Although the data below contains pictures, please reproduce only its words, exactly.

MATERIAL SHOWN
_ _ _

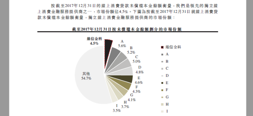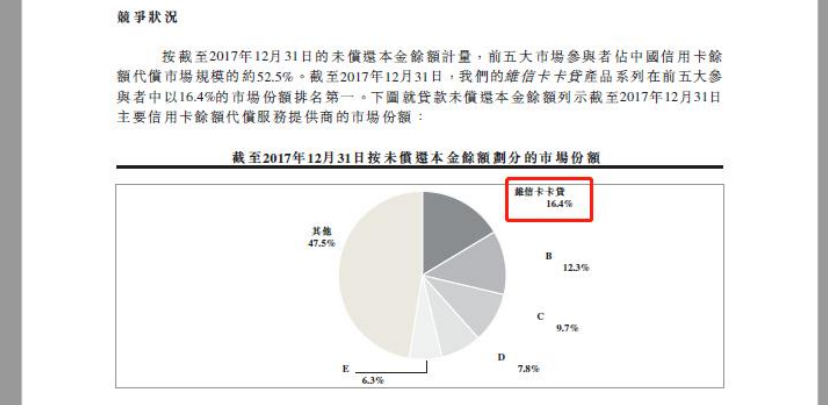 根据弗若斯特沙利文报告,以贷款未偿还本金余额计,截至2017年12月31日,公司是中国排名前10的独立在线消费金融服务提供商之一,维信卡卡贷产品系列在中国的信用卡余额代偿市场排名第一,约占16.4%的市场份额。用户为通常持有银行账户及信用卡但未得到传统金融机构充分服务的人群。
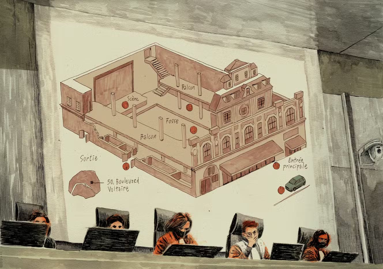 Sono le 22:15. La BRI (Brigata di Intervento Rapido) entra al Bataclan. “C’erano 500 o 600 persone a terra, nessun rumore, solo gemiti”, ricorda Jay, lo sguardo fisso nel vuoto. I riflettori del palco accesi inondano la stanza di una luce bianca e cruda. “L’immagine era surreale. È stata la prima scena che abbiamo visto”. Poi Kader: “È atroce. È una fossa comune. L’immagine che avevo era quella di una scena di guerra. Come quelle che si vedono in TV o nei libri di storia. Ho pensato all’Olocausto... Tutti quei corpi ammucchiati uno sopra l’altro”.
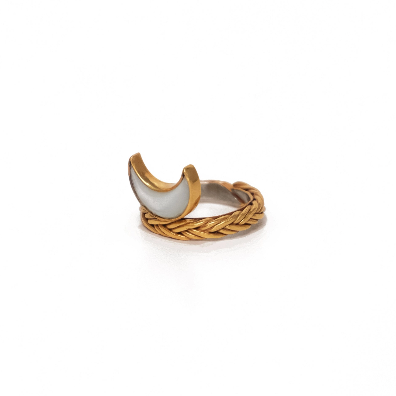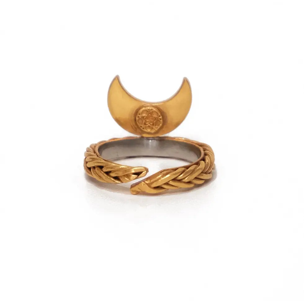 The handwoven braided design adds a touch of artistry, symbolizing interconnectedness and the cyclical nature of life. The shell moon, integrated for its healing properties, is believed to enhance intuition and feminine energy. Wearing "The BRAIDED LUNA Ring" invites not only abundance but also a harmonious blend of healing energies, creating a unique and meaningful connection with the celestial rhythms.
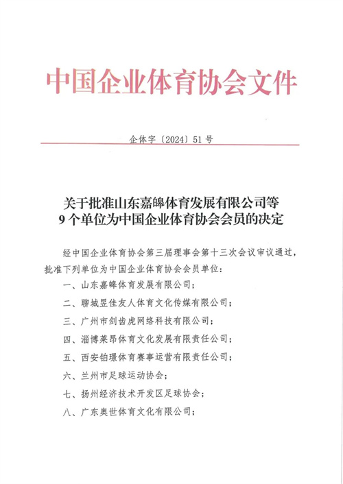 關(guān)于批準(zhǔn)山東嘉皞體育發(fā)展有限公司等9個(gè)單位為中國(guó)企業(yè)體育協(xié)會(huì)會(huì)員的決定
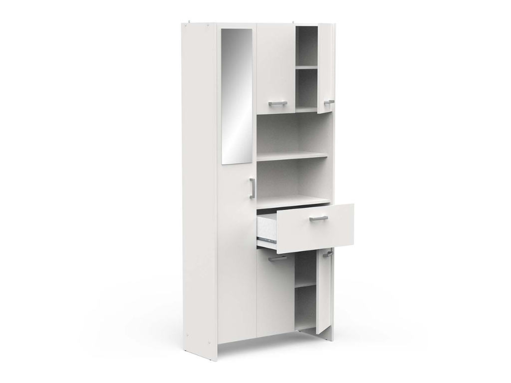 • 1 Porta com 5 prateleiras no interior e espelho no exterior

_ _ _

ANSWER FOR THIS EXERCISE
 根据弗若斯特沙利文报告,以贷款未偿还本金余额计,截至2017年12月31日,公司是中国排名前10的独立在线消费金融服务提供商之一,维信卡卡贷产品系列在中国的信用卡余额代偿市场排名第一,约占16.4%的市场份额。用户为通常持有银行账户及信用卡但未得到传统金融机构充分服务的人群。
 Sono le 22:15. La BRI (Brigata di Intervento Rapido) entra al Bataclan. “C’erano 500 o 600 persone a terra, nessun rumore, solo gemiti”, ricorda Jay, lo sguardo fisso nel vuoto. I riflettori del palco accesi inondano la stanza di una luce bianca e cruda. “L’immagine era surreale. È stata la prima scena che abbiamo visto”. Poi Kader: “È atroce. È una fossa comune. L’immagine che avevo era quella di una scena di guerra. Come quelle che si vedono in TV o nei libri di storia. Ho pensato all’Olocausto... Tutti quei corpi ammucchiati uno sopra l’altro”.
 The handwoven braided design adds a touch of artistry, symbolizing interconnectedness and the cyclical nature of life. The shell moon, integrated for its healing properties, is believed to enhance intuition and feminine energy. Wearing "The BRAIDED LUNA Ring" invites not only abundance but also a harmonious blend of healing energies, creating a unique and meaningful connection with the celestial rhythms.
 關(guān)于批準(zhǔn)山東嘉皞體育發(fā)展有限公司等9個(gè)單位為中國(guó)企業(yè)體育協(xié)會(huì)會(huì)員的決定
 • 1 Porta com 5 prateleiras no interior e espelho no exterior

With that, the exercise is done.